One of DH's best friends is getting married out of state in the fall. We've been told that their nieces and nephews are the only children/babies allowed to attend, which means we need to either a.) leave LO with someone for 3 days or b.) bring a sitter with us-neither of which is desirable. What's the purpose of not inviting children to a wedding? In our family, every events is all about the kids, so this is weird to me.
Re: purpose of not inviting children/babies to wedding?
Because kids are annoying at weddings, can cause a ruckus and generally won't sit still the entire time.
Like, duh.
I think I did this but my flower girls and ring bearer were allowed there. My SIL and my Sister are both doing this as well. I think the point is because they want the adults to have a good time and not worry about kids running all over the place. Luckily my DS is in my sister's upcoming wedding and will be allowed to be there because otherwise we would have had a problem.
Our wedding was adults only, it was not written on the invitation but it was understood because they were not included in the address. It was a saturday night, black tie affair and not an appropriate place for kids.

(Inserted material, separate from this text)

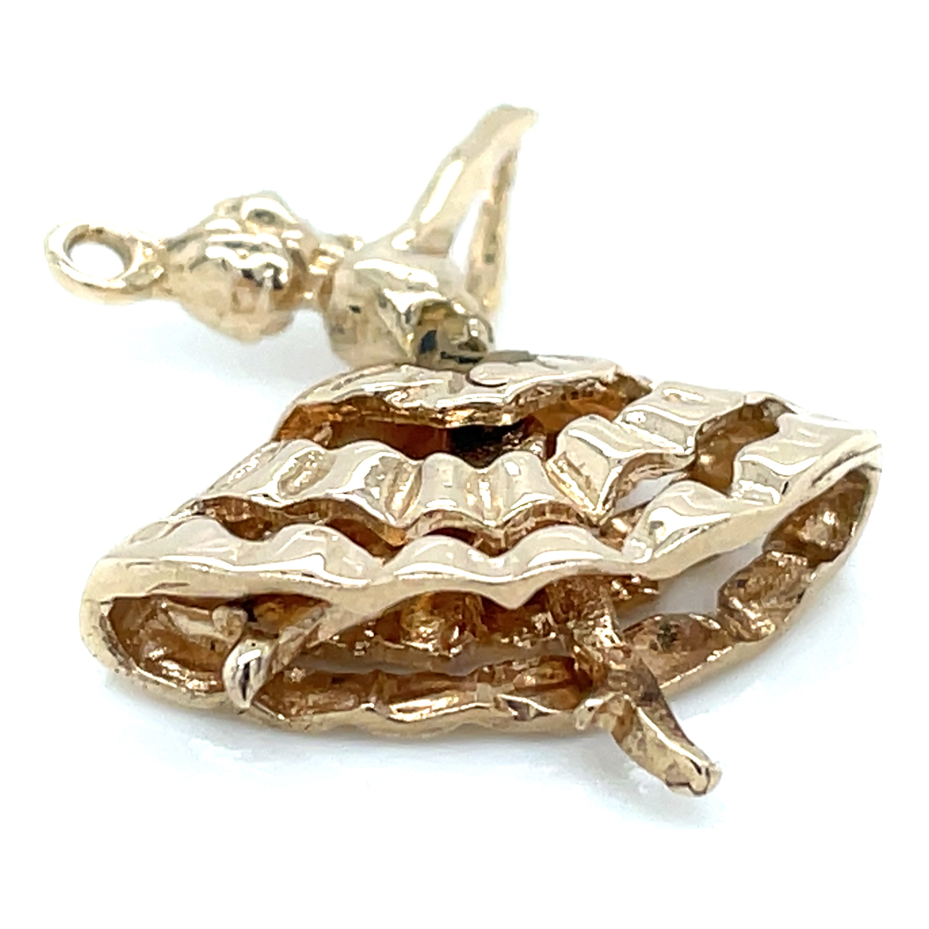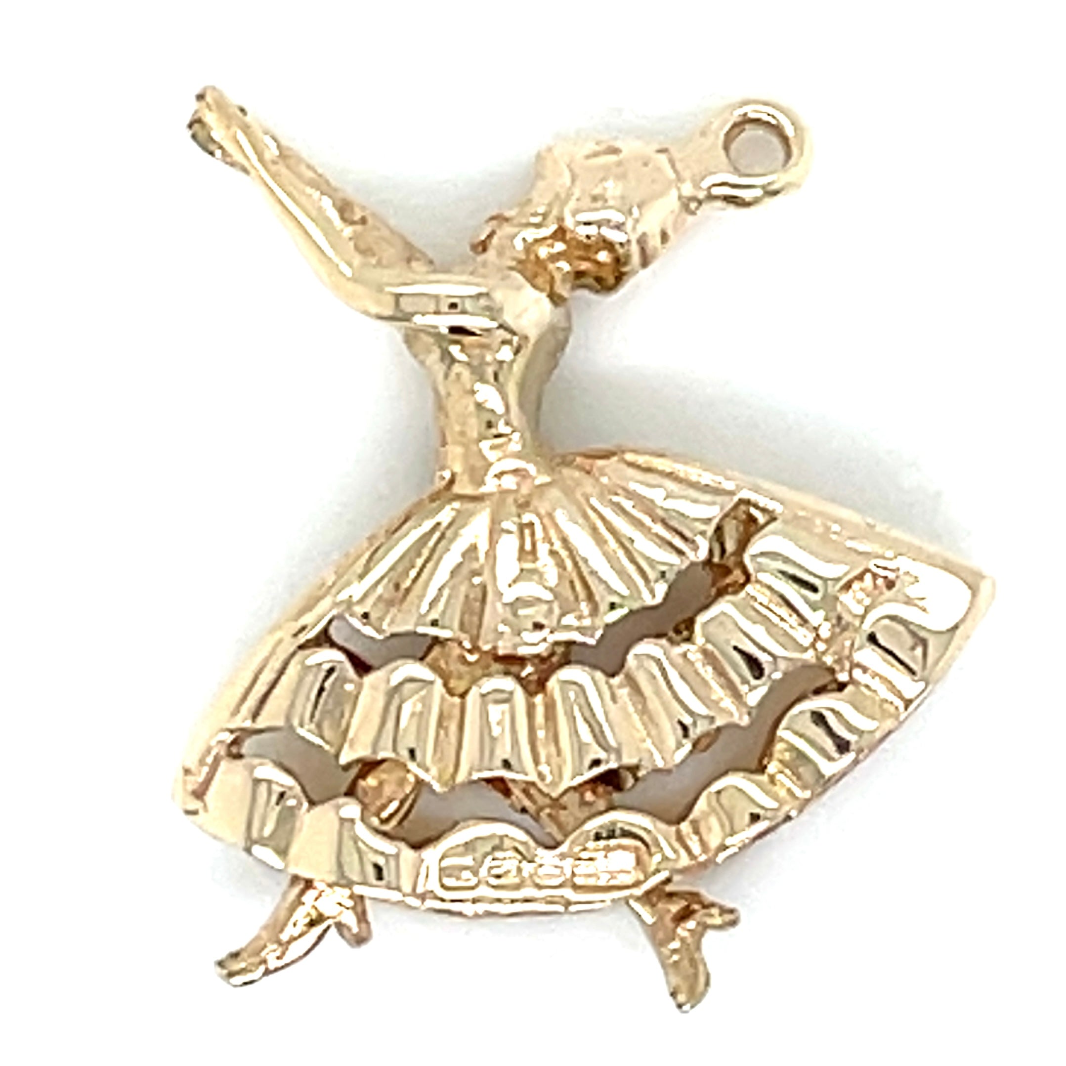 Crafted from 9ct yellow gold, this vintage dancer pendant adds a touch of elegance and sophistication to any outfit. Perfect for both casual and formal occasions, it showcases the beauty of gold in a delicate and unique design. A timeless piece for any jewellery collection. Length of 2cm, width 0f 1.8cm

People are entitled to want adults only parties and it has nothing to do with a kid possibly making noise or taking attention away from the bride.
Dude, come on. They want to celebrate with you, but don't give two shiits about celebrating with your kid. If they let everyone bring kids they might not have room for guests they actually care to see.
Its pretty normal to let nieces and nephews attend, and not children of other guests.
Honestly I expect this question on December 12. "omgah, why isn't my pwecious invited?! LO is the most amazing baby ever and someone else's wedding, that they spent 20$k on, IS ALL ABOUT ME GODDAMN IT"
I think there are financial issues too. You pay per head at the reception, and kids, if they take up a chair, count the same as an adult, so if everyone brought their kids, it would get really effing expensive.
Not to mention that kids can get really bored.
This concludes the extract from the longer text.